Update: Suit challenging US courts' authority to issue gag orders to tech companies receives support from big names in tech world
Various well-known names in the technology, pharmaceutical, media and related sectors have filed briefs in support of Microsoft's suit against the US Justice Department over digital privacy and surveillance.
In April, Microsoft challenged the constitutionality of a provision of US federal law that authorises US courts to issue gag orders forbidding it, and similar companies, from advising their customers about search warrants, court orders or subpoenas that the government employs to obtain the stored electronic communications of those customers. SeeMicrosoft Corp. v. U.S. Department of Justice, Case No. 2:16-cv-00538(W.D. Wash. 14 April 2016).
Supporting Microsoft's position are, amongst others, Apple, Google, Amazon, Mozilla, Delta Air Lines, Eli Lilly, BP America, the Washington Post, Fox News, the National Newspaper Association, the US Chamber of Commerce, and the Electronic Frontier Foundation. For further information on the case to date, please see our previous update, available here.

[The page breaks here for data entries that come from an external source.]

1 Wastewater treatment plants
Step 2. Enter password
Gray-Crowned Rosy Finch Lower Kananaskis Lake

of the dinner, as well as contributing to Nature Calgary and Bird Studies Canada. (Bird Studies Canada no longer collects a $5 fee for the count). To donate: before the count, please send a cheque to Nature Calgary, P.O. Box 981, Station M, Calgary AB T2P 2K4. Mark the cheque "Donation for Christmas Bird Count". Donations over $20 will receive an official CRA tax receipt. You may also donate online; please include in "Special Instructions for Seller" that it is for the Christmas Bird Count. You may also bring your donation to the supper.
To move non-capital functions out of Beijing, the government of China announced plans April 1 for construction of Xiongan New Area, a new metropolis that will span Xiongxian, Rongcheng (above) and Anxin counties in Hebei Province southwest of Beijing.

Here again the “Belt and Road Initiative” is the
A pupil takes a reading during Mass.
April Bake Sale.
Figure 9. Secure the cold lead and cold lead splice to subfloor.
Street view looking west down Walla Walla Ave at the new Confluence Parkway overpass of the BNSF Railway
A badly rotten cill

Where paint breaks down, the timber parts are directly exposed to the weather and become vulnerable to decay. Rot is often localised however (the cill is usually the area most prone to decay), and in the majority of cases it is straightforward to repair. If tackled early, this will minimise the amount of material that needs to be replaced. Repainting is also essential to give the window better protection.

Update: US Government weighs decision to appeal court ruling prohibiting it from seizing emails stored outside the United States
We previously reported (see our previous update, available here) on a US appellate court ruling (issued 14 July 2016) that handed a major victory to Microsoft by finding that US authorities cannot compel US tech companies to disclose email content they store on servers located outside the United States. The US government is now considering whether to appeal this decision, and has until 13 October to file a petition for rehearing.
Yahoo data breach highlights the importance of due diligence and supply chain risk
The recent Yahoo data breach involving the data of around 500 million users has highlighted once again the vulnerability of consumer data. It has also given rise to issues in the context of the recent sale of Yahoo to Verizon in July 2016.

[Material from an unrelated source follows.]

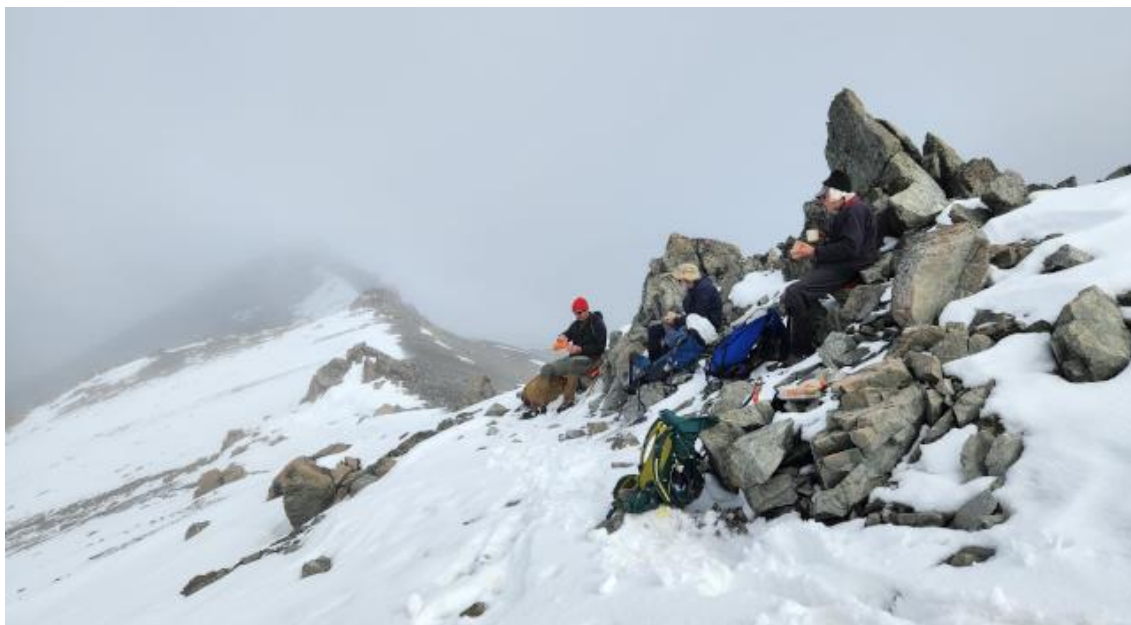
Lunchtime on the Craigieburn main ridge
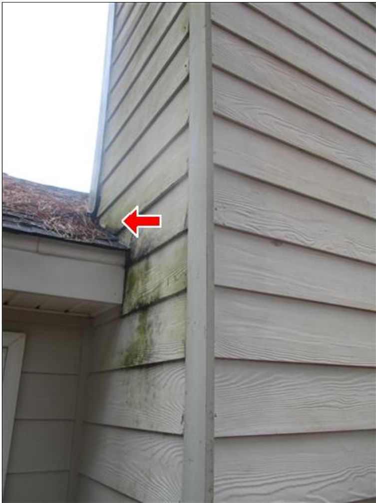
2.0 Picture 2

In the immediate aftermath of the attack, Verizon told the BBC that it had only just learned of the attack and, itself, had limited information. It remains to be seen how the incident may affect the deal in this instance. However, it is clear that incidents such as this one highlight the importance of undertaking cyber security due diligence prior to reaching commercial agreement, as well as including contractual provisions in the sale documentation to protect the acquirer in the event that subsequent issues are uncovered which adversely impact the value of the business.
It also highlights issues in relation to supply chain risk. In the UK, a number of prominent internet service providers issued warnings to customers that they may be affected by the breach, as the ISPs had outsourced their email services to Yahoo. It is important to ensure that outsourcing and other contracts adequately deal with cyber security issues, including the division of responsibility for managing cyber security risks, cooperation and information sharing in relation to incident response and liability for any incidents that do occur.